# Good news on Insurance :D



## EssexStu (Apr 25, 2005)

Hi all, signed up a few months ago with keen interest in getting a skyline, as loved them, well, for as long as i've loved cars..

Looking to get a fresh import R32 GTR in january and so obviously playing the field for insurance, thought id show you all my results so far to get comments / any other companies that may go cheaper!

Quotes on a std R32, approx 91 spec in black running std spec (thou allowed basics like filters, exhaust etc, nothing too bhp increasing)...

24 (25 in june)
6 points 4 years ago with £100 fine (SP30)
Accident (non fault) just under 3 years ago...
4 years no claims

Admiral, to change current car to skyline till september (when policy runs out), £1100..

A-plan, fresh police starting now, just under £1500...

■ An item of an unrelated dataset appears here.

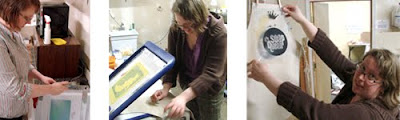 Here, I am working on the Soap Queen aprons and T-shirts. First I’m rinsing out the emulsion in the sink, next I’m printing the first color (the yellow hair) and finally I’m showing Anne-Marie how it will look when I get the next screen printed over the top. It’s a multi-step process that would be a huge blog post on it’s own. But if anyone is interested in a step-by-step Yudu tutorial, just let me know.

Will prob take up admiral, which yea im paying more in the long run, but hoping to hit the magical 25 and then get a cheaper premium.

Does the magic 25 figure work for skylines ?

And any other companies i should ring ?

Cheers

Stu, Near Southend, Essex


----------



## chrisniss91 (Jul 7, 2003)

I am with admiral and just turned 25. On a R33 GTR. I have no points but i do have my 21 yr old GF on the policy and it was £1200, Not bad at all i think.


----------